# Kai is a 52 week wantabee



## debjen (Jan 4, 2010)

Beautiful


----------



## flufflvr (Mar 20, 2010)

Such a handsome boy, still with that spark in his eyes after his experience yesterday. You can really see his clearing in that natural light. He's looking good!


----------



## pudlemom (Apr 16, 2010)

I still can't get over how much he looks like a spoo,he is just gorgeous! I will take any weeks of Kai I can get :>


----------



## Fluffyspoos (Aug 11, 2009)

Kai is such a beautiful dog


----------



## flyingduster (Sep 6, 2009)

he's so gorgeous!!! And nearly-52-weeks is good enough for us!!!!


----------



## Lilah+Jasper (May 13, 2010)

pudlemom said:


> I still can't get over how much he looks like a spoo,he is just gorgeous! I will take any weeks of Kai I can get :>


I couldn't agree more! I can't stop admiring his handsome face


----------



## cavon (Aug 10, 2010)

He is absolutely gorgeous!!!


----------



## Feathersprings (Jul 15, 2010)

His pictures are always just beautiful!


----------



## spoowhisperer (Apr 26, 2010)

Thanks everyone, Kai is a fun little guy. Sure has been fun and interesting learning first hand about minatures. Also interesing for me to watch his coat clear, all so new to me.
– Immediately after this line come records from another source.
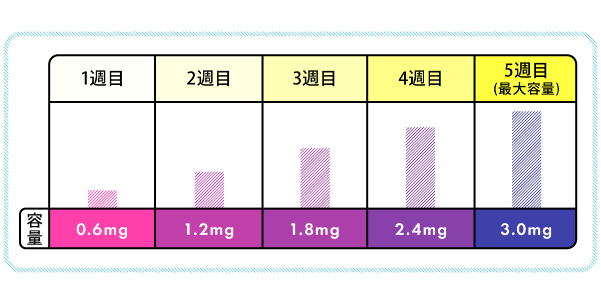 開始用量は1日あたり0.6mgです。その後、1週間ごとに0.6mgずつ増量し、5週目には最大で1日3.0mgまで増量します。量は注射針の目盛りで合わせます。
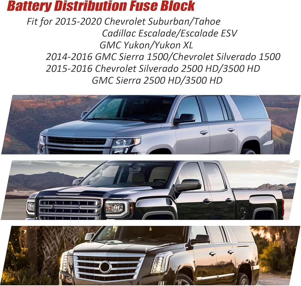 الملاءمة: كتلة مصهر توزيع البطارية Tesmirror مناسبة مع 2015-2020 شيفروليه سوبربان/تاهو/كاديلاك إسكاليد/إسكاليد ESV/جي إم سي يوكون/يوكون XL؛ 2014-2016 جي إم سي سييرا 1500/شيفروليه سيلفرادو 1500; 2015-2016 شيفروليه سيلفرادو 2500 HD/3500 HD/جي إم سي سييرا 2500 HD/3500 HD.
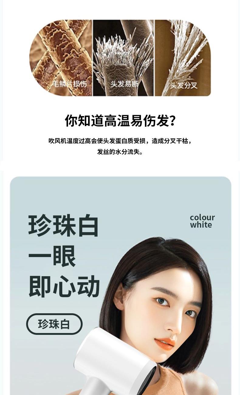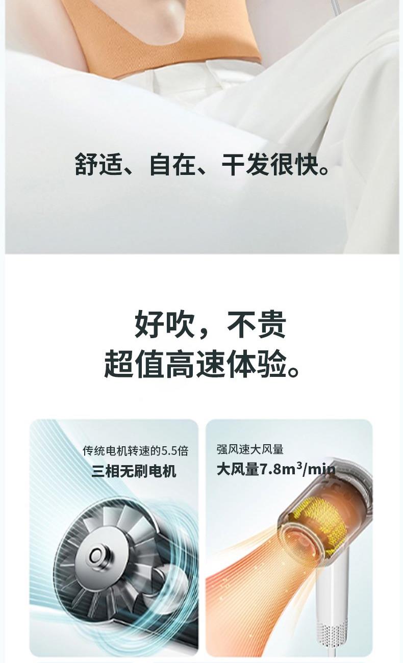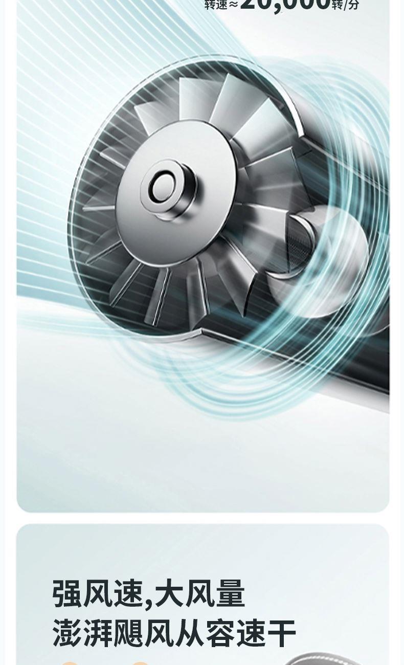 让柔和风声伴你每一次干。通过减小气流在传输过程中的阻力,有效控制风噪,柔和大风速,声音不刺耳,让您和家人享受更加愉悦的吹发体验。

Lightening up by maryac58, on Flickr


----------



## macker905 (Mar 21, 2010)

what a beautiful boy....his hair is nicer than mine!


----------



## Ms Stella (Aug 16, 2010)

pudlemom said:


> I still can't get over how much he looks like a spoo,he is just gorgeous! I will take any weeks of Kai I can get :>


He's not a standard?


----------



## BFF (Jun 10, 2009)

She has mentioned before that he is over 15" tall and from Mini parents. It always strikes me how big and all grown up he looks. Then I see photos next to her other standards, and he does look a lot smaller.

Just gorgeous! His eyes are dreamy to look at. It's been fun watching his color change.


----------